If complexity cannot be eliminated, then the strategy shifts to containment. The predominant mechanism here is to separate the infrastructure into well-defined domains surrounded by hardened boundaries. Each place in the infrastructure has its own devices managed by its own teams responsible for its own workflows to drive its own set of policies.
Multi-cloud Challenging Prevailing Approaches
This containment strategy was an absolute necessity to scale infrastructure to the levels of today. But as the world moves to multi-cloud, the model must fundamentally change.
For the multi-cloud tenets to be true, the boundaries between groups of resources must come down. Users need to have uniform experience regardless of where they are accessing workloads, and regardless of which resources are being used to service the workloads. Security and policy must be uniformly enforced. That simply doesn’t happen if there are hard boundaries that prohibit visibility, policy, and operational control at the boundaries between different domains.
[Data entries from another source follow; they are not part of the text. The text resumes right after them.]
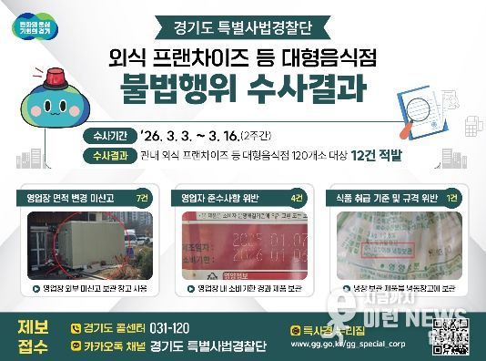 이런뉴스(e-runnews) 김삼성 기자 | 경기도 특별사법경찰단은 지난 3월 3일부터 16일까지 도내 외식 프랜차이즈 등 대형음식점 120개소를 대상으로 집중 수사를 실시한 결과 영업장 면적 변경 미신고 및 영업자 준수사항 위반 등 총 12건의 불법행위를 적발했다.
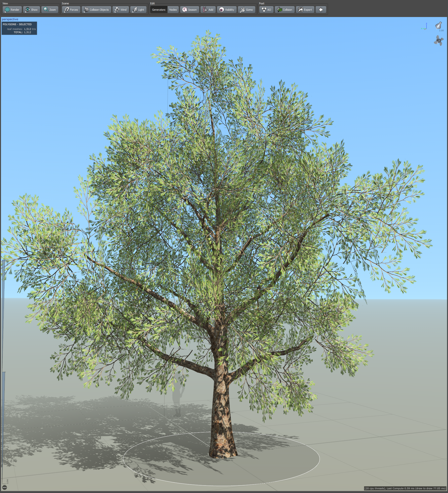 20)frond, leaf mesh의 크기를 조절하여 나무를 모델링합니다.
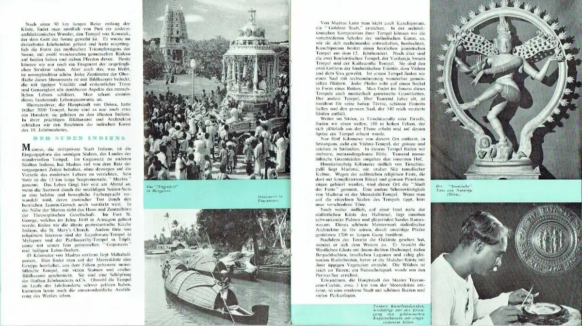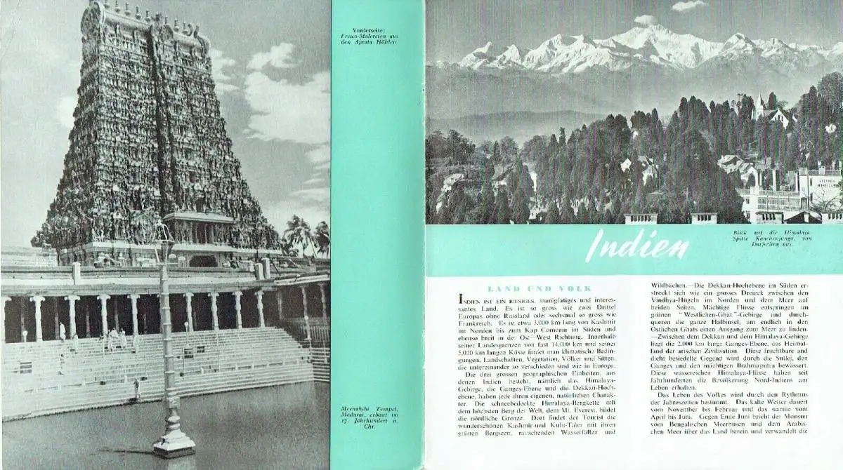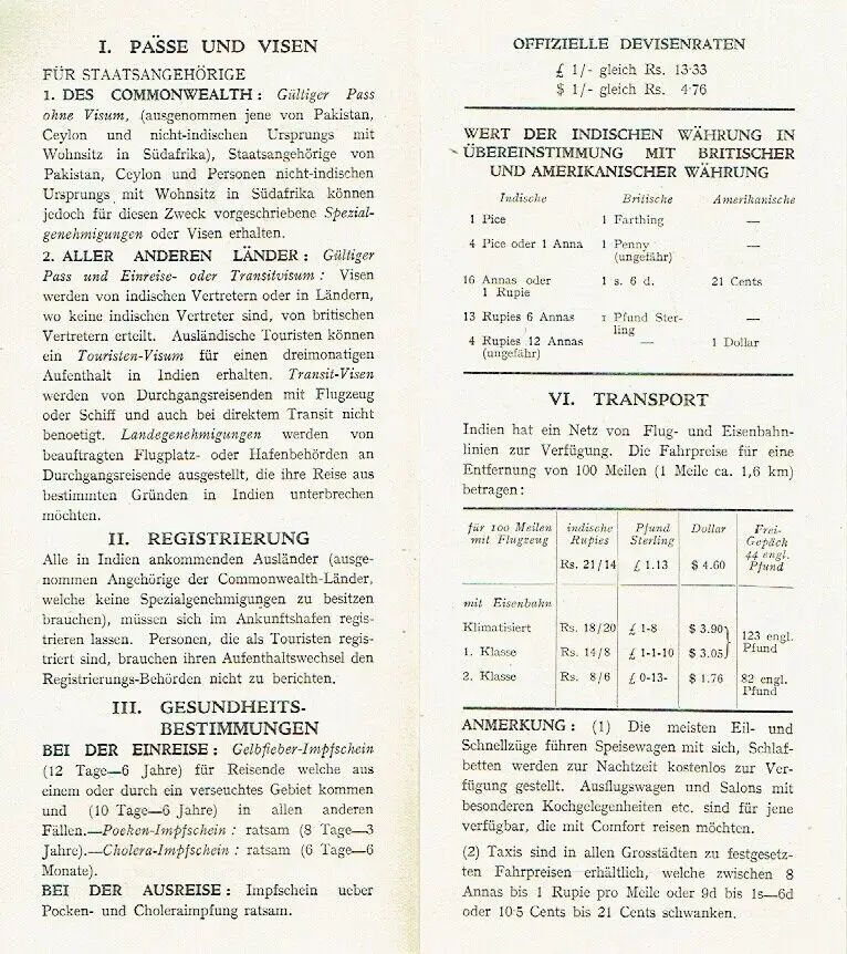 guter bis sehr guter Zustand, geringe Gebrauchs- und Alterungsspuren: Umschlag und Seiten teils etwas eselsohrig - Kanten gelegentlich mit kleinen Blessuren, Touristen-Prospekt und Fremdenverkehrs-Regeln in deutscher Sprache zur Datierung: auf Seite 4 steht, daß die neue Verfassung (1949) vor 4 Jahren ausgearbeitet wurde - Land und Volk - Religionen - Die alte Zivilisation - Wissenschaft und Literatur - Modernes Indien - Verkehrswege - Der Westen Indiens - Der Norden - Zentralindien - Touristen-Karte - Der Osten - Der Süden - Kunst und Unterhaltung - Sport - Handwerk - Beilage: Pässe und Visen, Registrierung, Gesundheitsbestimmungen, Zoll, Währung, Transport, Hotels, Klima und Kleidung, was kauft man?, Nützliche Hinweise, kartoniert, ca. 20,5 x 23 (Beilage ca. 10 x 22), 16 Seiten mit 30 Bildern, einer Karte und einer Beilage

Infrastructure Without Borders
This design goal, however, brings with it a set of technical issues that must be addressed:
End-to-end security policies: Policy and control cannot be domain-specific. If security is to be consistent, it has to be administered over-the-top. This places policy management requirements on all places in the infrastructure, from data center to branch.
End-to-end visibility: Policy is only part of the equation. For policy to be administered, systems and operators must have end-to-end visibility within the infrastructure. This is especially true as workloads require more coordination of resources in a multicloud architecture, meaning systems must be designed with telemetry and data modeling in mind.
End-to-end operational control: Ultimately, the workflows that administer these environments must extend beyond domain boundaries. If management becomes manual, the entire system breaks down, which makes automated control a must-have for multicloud environments. Accordingly, enterprises must decide on a control model, which will drive API requirements and data distribution mechanisms. For policy-related operations, there must be a software layer that translates application or user-side intent into device behavior, accounting for dynamic orchestration that is typical of cloud ecosystems.
Keeping Complexity in Check
If the premise of siloed design was to contain complexity, bringing everything back together is going to remove the safeguard that has made IT manageable until now. How do enterprises cope when they lose their best defense against a crippling foe?
As more companies migrate to multicloud, a new class of tools are emerging, with many of them meant to combat complexity. Whether it’s multi-domain orchestration or end-to-end visibility, these tools are quickly becoming the foundation for a new kind of architecture expressly built with multicloud in mind. The key will be seamlessly integrating these tools across the whole of the enterprise (data center, campus, branch, and public cloud), and also across the entire technology stack (from application layers down to transport).
More Than Just Technology
The biggest change in all of this, however, will prove to be cultural. There is a degree of muscle memory in how infrastructure is managed, and breaking design habits and operational practices is going to be difficult.
Large, black-out-the-sun type projects will be doomed to failure, not because of the products but because of the design philosophy. The best enterprises can do is to think holistically and think about where they want to be and take deliberate actions when expanding teams or purchasing technology that allow them to reach future objectives. Make sure that every decision helps unify the infrastructure in a bid to make it multi-cloud ready.